Dataset excerpts:
Segment Open

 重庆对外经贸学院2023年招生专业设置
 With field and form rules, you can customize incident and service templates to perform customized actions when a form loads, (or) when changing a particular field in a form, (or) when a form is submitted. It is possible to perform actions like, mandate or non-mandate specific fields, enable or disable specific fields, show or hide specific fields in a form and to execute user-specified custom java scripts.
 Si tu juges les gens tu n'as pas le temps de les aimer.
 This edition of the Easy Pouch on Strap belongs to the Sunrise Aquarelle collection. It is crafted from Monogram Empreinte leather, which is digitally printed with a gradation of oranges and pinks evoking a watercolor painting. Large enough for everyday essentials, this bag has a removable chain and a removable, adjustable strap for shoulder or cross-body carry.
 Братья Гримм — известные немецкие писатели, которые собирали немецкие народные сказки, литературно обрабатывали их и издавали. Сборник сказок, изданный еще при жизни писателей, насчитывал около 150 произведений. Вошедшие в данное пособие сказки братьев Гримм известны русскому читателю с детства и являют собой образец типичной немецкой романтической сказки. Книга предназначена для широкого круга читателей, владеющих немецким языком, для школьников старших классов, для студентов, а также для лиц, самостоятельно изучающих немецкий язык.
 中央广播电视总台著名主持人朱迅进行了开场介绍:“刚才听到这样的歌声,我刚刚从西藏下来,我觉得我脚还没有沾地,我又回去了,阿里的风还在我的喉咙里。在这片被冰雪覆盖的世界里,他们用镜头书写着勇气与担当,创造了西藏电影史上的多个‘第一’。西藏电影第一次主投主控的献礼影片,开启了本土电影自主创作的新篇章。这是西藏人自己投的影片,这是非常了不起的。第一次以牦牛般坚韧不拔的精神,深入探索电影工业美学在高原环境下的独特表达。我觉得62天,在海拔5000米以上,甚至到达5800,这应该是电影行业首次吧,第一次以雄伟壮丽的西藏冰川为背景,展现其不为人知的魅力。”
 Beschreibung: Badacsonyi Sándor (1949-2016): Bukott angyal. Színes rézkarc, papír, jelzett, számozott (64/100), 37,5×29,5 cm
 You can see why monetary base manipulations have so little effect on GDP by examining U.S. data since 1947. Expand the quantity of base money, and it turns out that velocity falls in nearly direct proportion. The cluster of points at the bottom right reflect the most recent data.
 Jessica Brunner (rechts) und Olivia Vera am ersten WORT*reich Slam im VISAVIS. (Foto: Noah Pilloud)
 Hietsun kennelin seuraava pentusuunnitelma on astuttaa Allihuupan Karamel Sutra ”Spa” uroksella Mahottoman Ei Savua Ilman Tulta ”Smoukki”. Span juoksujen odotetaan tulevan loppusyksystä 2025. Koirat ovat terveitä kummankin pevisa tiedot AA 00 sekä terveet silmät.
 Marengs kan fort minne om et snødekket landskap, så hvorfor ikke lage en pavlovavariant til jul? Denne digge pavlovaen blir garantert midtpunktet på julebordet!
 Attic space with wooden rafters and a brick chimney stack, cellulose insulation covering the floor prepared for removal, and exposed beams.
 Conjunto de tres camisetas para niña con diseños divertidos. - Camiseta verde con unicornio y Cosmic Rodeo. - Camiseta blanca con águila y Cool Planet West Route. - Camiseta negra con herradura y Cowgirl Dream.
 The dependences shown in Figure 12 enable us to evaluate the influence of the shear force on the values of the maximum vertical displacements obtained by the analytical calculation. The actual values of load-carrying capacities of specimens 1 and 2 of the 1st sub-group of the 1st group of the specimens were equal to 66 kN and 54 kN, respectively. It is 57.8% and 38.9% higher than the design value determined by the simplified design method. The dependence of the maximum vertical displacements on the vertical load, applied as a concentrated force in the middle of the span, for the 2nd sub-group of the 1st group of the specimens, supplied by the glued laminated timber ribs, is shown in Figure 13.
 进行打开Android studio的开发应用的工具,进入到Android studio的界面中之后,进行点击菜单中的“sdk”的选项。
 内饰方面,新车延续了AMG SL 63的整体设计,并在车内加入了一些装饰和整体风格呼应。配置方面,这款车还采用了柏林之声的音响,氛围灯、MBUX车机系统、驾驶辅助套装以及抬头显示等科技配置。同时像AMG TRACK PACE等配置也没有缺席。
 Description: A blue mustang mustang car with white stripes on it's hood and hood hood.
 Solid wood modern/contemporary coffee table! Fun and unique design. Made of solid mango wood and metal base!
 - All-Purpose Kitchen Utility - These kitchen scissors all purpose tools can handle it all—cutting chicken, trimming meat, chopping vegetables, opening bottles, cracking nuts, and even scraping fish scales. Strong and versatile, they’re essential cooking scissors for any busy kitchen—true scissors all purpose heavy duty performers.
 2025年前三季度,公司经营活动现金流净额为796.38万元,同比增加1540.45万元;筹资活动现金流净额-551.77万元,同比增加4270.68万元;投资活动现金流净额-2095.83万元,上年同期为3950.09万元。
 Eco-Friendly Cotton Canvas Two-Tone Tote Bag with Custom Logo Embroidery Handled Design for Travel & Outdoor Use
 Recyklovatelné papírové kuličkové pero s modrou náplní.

Segment Closed

What the task requires:
Report all lines of the data above that include the string "enable".

Solved problem:
 With field and form rules, you can customize incident and service templates to perform customized actions when a form loads, (or) when changing a particular field in a form, (or) when a form is submitted. It is possible to perform actions like, mandate or non-mandate specific fields, enable or disable specific fields, show or hide specific fields in a form and to execute user-specified custom java scripts.
 The dependences shown in Figure 12 enable us to evaluate the influence of the shear force on the values of the maximum vertical displacements obtained by the analytical calculation. The actual values of load-carrying capacities of specimens 1 and 2 of the 1st sub-group of the 1st group of the specimens were equal to 66 kN and 54 kN, respectively. It is 57.8% and 38.9% higher than the design value determined by the simplified design method. The dependence of the maximum vertical displacements on the vertical load, applied as a concentrated force in the middle of the span, for the 2nd sub-group of the 1st group of the specimens, supplied by the glued laminated timber ribs, is shown in Figure 13.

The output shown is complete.